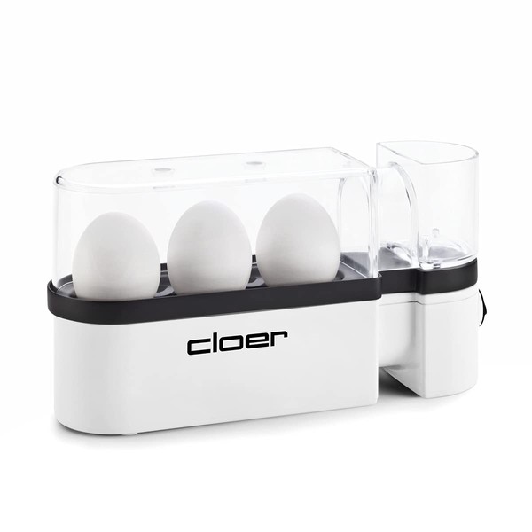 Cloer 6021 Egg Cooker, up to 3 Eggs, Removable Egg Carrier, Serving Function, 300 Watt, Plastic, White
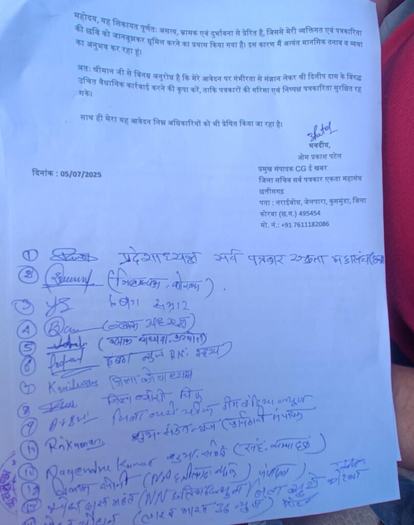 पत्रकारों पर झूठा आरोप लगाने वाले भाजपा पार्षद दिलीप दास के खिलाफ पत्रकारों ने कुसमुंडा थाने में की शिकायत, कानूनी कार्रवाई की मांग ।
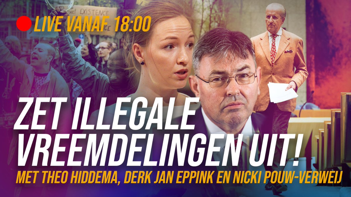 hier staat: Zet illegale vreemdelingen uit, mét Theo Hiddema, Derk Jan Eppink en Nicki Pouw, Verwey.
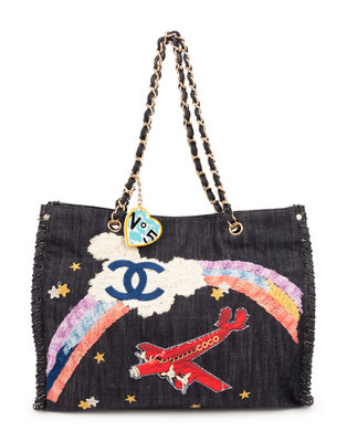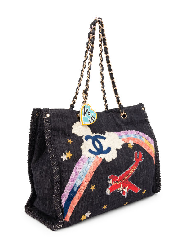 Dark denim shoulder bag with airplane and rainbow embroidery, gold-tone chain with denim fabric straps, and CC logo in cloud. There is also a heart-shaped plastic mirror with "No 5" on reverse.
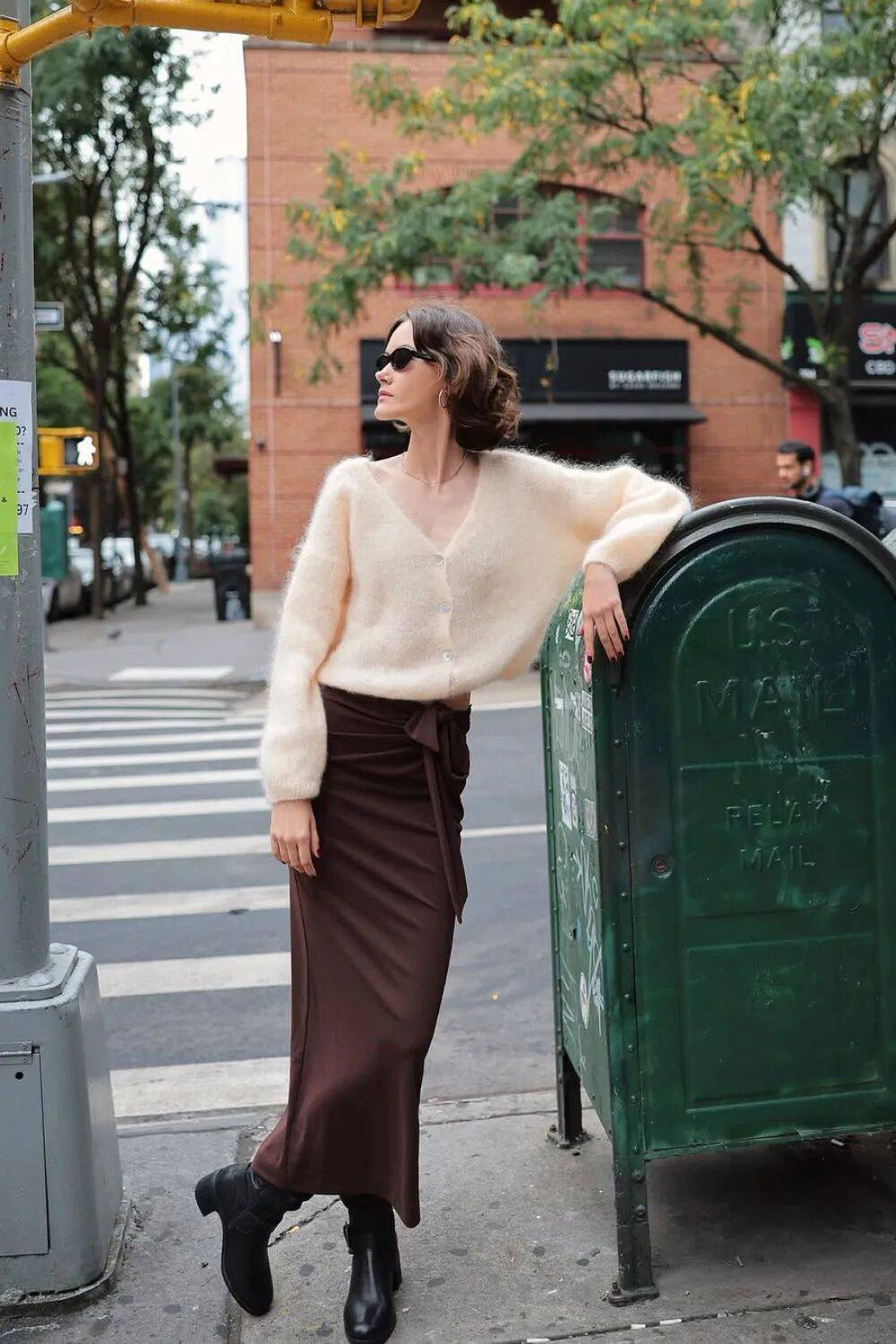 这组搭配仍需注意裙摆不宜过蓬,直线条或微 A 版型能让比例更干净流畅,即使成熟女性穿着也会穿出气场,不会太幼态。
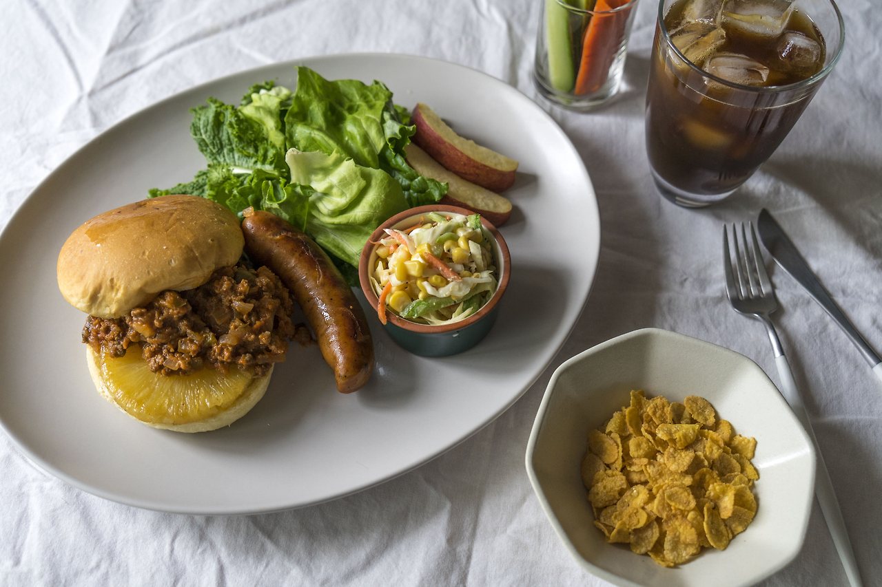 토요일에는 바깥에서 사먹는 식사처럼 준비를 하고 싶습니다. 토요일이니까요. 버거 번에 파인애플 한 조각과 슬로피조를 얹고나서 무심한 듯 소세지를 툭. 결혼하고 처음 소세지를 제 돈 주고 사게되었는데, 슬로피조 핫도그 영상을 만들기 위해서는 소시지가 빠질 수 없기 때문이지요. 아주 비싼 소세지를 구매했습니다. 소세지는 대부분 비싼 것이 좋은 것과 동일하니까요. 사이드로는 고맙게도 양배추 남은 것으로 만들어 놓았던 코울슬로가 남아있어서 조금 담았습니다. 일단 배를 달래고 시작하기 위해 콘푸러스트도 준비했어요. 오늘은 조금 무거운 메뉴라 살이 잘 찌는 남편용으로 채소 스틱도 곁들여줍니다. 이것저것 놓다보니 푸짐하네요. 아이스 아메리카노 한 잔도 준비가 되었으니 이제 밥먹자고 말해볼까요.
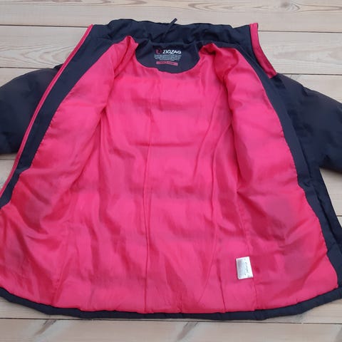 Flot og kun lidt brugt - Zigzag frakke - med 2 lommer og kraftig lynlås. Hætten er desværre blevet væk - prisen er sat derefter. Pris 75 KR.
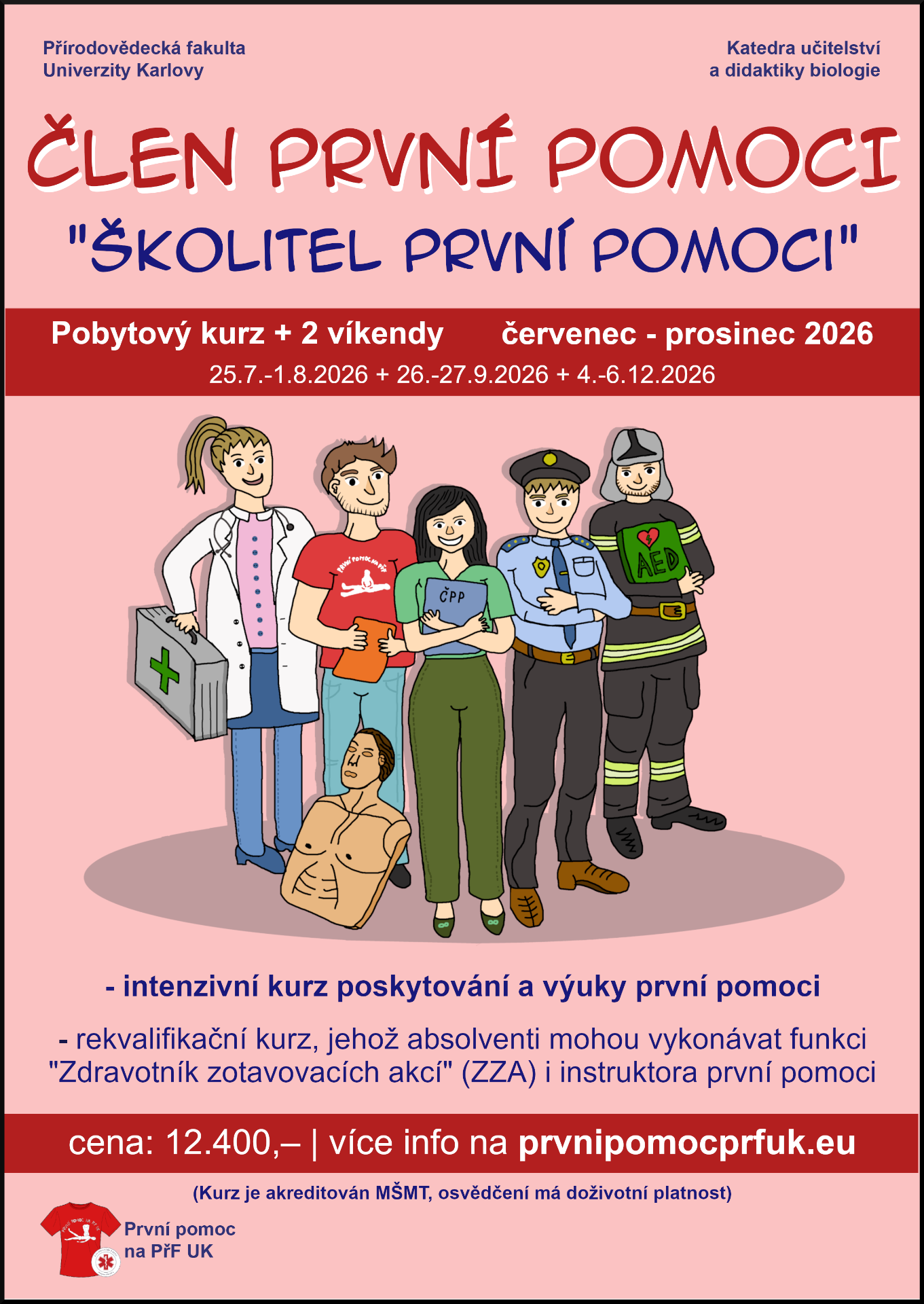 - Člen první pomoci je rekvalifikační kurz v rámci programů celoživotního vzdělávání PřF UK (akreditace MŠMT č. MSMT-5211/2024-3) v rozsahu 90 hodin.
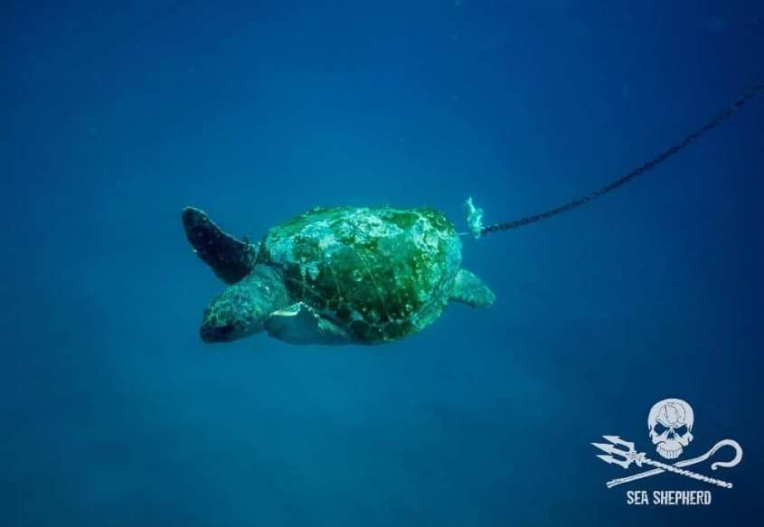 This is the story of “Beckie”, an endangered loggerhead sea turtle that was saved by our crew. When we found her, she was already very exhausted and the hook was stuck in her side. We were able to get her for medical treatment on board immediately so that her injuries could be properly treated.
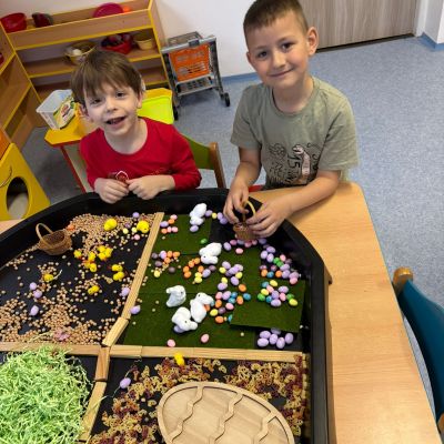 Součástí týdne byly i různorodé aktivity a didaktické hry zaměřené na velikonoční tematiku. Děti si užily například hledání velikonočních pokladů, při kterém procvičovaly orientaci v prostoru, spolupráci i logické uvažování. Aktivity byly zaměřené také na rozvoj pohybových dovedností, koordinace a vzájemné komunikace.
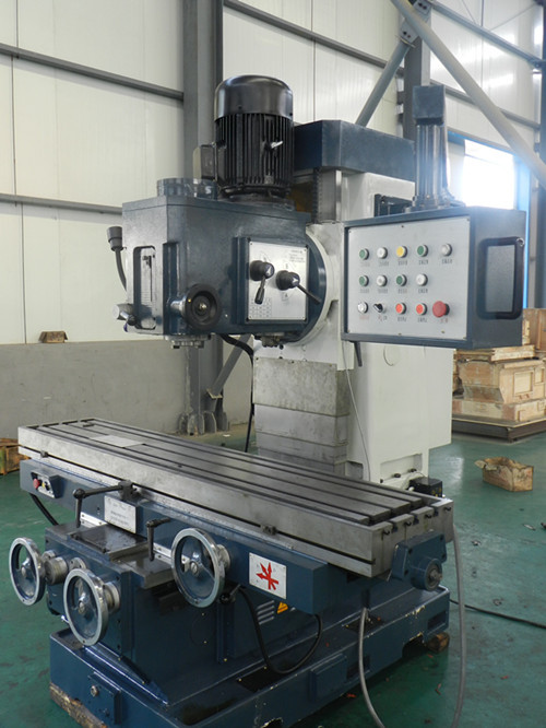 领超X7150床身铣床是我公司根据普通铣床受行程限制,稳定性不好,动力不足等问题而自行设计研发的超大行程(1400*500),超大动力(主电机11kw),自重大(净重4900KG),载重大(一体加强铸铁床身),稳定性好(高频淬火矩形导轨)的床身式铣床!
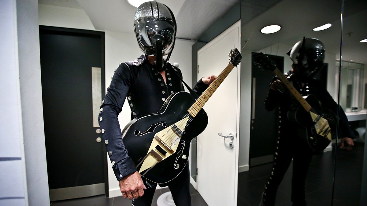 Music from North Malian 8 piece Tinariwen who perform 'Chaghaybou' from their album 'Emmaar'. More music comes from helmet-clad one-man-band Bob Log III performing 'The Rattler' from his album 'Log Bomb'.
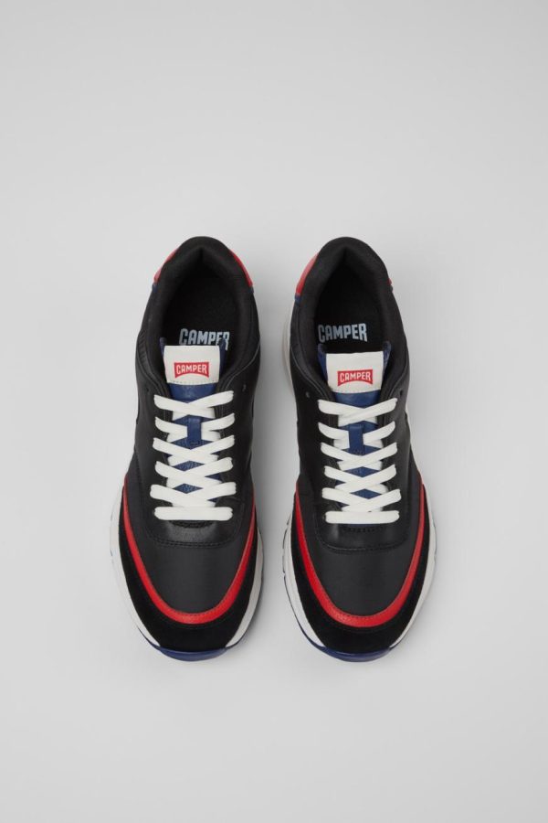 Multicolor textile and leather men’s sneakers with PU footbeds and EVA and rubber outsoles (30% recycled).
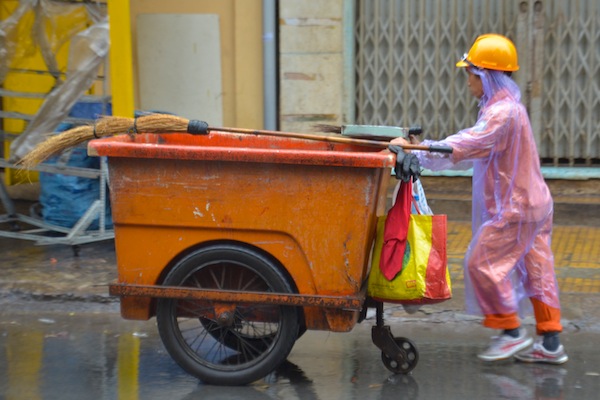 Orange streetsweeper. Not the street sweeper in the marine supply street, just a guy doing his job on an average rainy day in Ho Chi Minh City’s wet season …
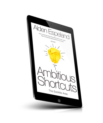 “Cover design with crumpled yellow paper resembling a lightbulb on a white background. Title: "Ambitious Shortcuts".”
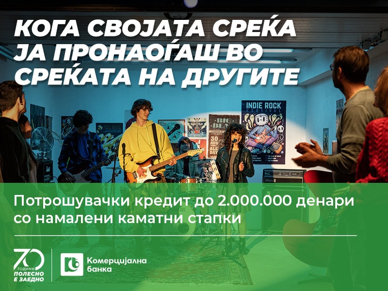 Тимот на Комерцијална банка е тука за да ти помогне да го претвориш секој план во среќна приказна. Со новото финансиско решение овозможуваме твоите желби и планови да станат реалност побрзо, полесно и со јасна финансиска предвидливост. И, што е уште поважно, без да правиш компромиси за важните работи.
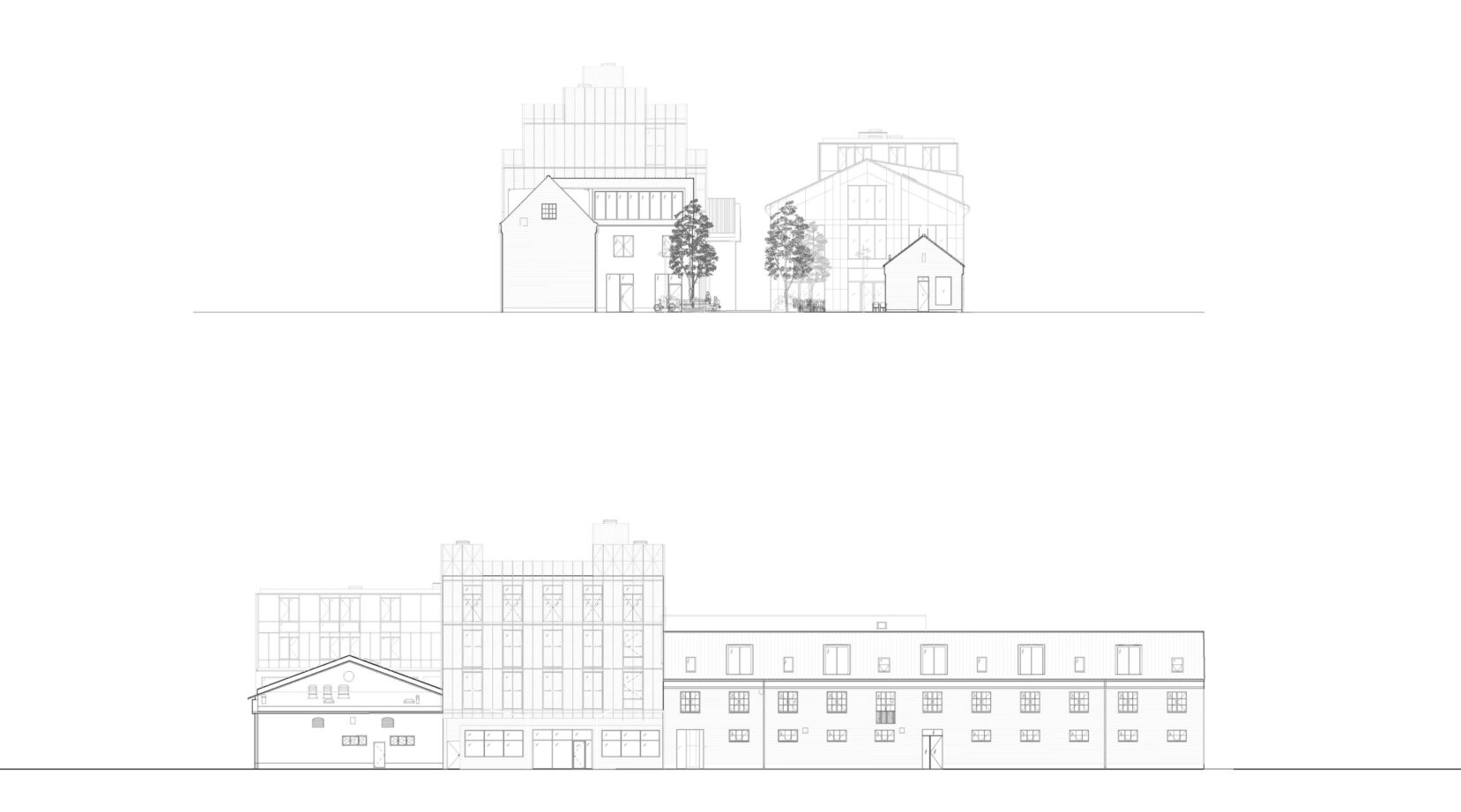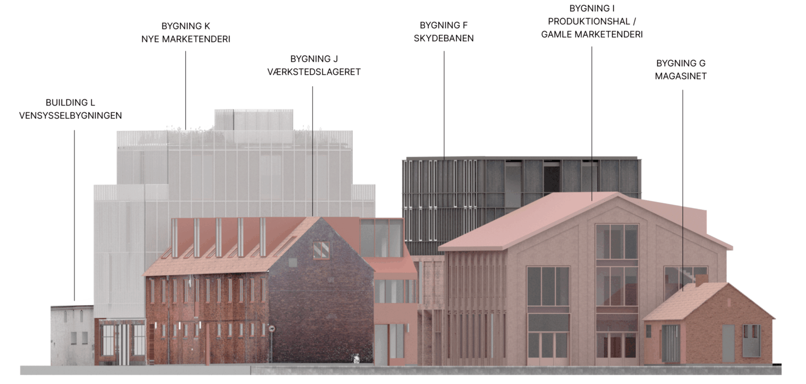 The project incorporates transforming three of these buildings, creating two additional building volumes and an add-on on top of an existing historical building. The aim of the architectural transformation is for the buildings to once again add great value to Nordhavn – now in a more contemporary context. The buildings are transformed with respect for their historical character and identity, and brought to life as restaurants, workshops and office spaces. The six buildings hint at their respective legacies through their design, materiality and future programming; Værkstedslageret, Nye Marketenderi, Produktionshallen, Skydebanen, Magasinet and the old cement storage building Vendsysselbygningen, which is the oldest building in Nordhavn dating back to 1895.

..............................

Assignment => Only one stretch of the listing above is to be duplicated: the lines from the one containing "Součástí týdne byly" through the one containing "Тимот на Комерцијална", both included. Copy them exactly, minus the pictures.

Exercise response =>
 Součástí týdne byly i různorodé aktivity a didaktické hry zaměřené na velikonoční tematiku. Děti si užily například hledání velikonočních pokladů, při kterém procvičovaly orientaci v prostoru, spolupráci i logické uvažování. Aktivity byly zaměřené také na rozvoj pohybových dovedností, koordinace a vzájemné komunikace.
 领超X7150床身铣床是我公司根据普通铣床受行程限制,稳定性不好,动力不足等问题而自行设计研发的超大行程(1400*500),超大动力(主电机11kw),自重大(净重4900KG),载重大(一体加强铸铁床身),稳定性好(高频淬火矩形导轨)的床身式铣床!
 Music from North Malian 8 piece Tinariwen who perform 'Chaghaybou' from their album 'Emmaar'. More music comes from helmet-clad one-man-band Bob Log III performing 'The Rattler' from his album 'Log Bomb'.
 Multicolor textile and leather men’s sneakers with PU footbeds and EVA and rubber outsoles (30% recycled).
 Orange streetsweeper. Not the street sweeper in the marine supply street, just a guy doing his job on an average rainy day in Ho Chi Minh City’s wet season …
 “Cover design with crumpled yellow paper resembling a lightbulb on a white background. Title: "Ambitious Shortcuts".”
 Тимот на Комерцијална банка е тука за да ти помогне да го претвориш секој план во среќна приказна. Со новото финансиско решение овозможуваме твоите желби и планови да станат реалност побрзо, полесно и со јасна финансиска предвидливост. И, што е уште поважно, без да правиш компромиси за важните работи.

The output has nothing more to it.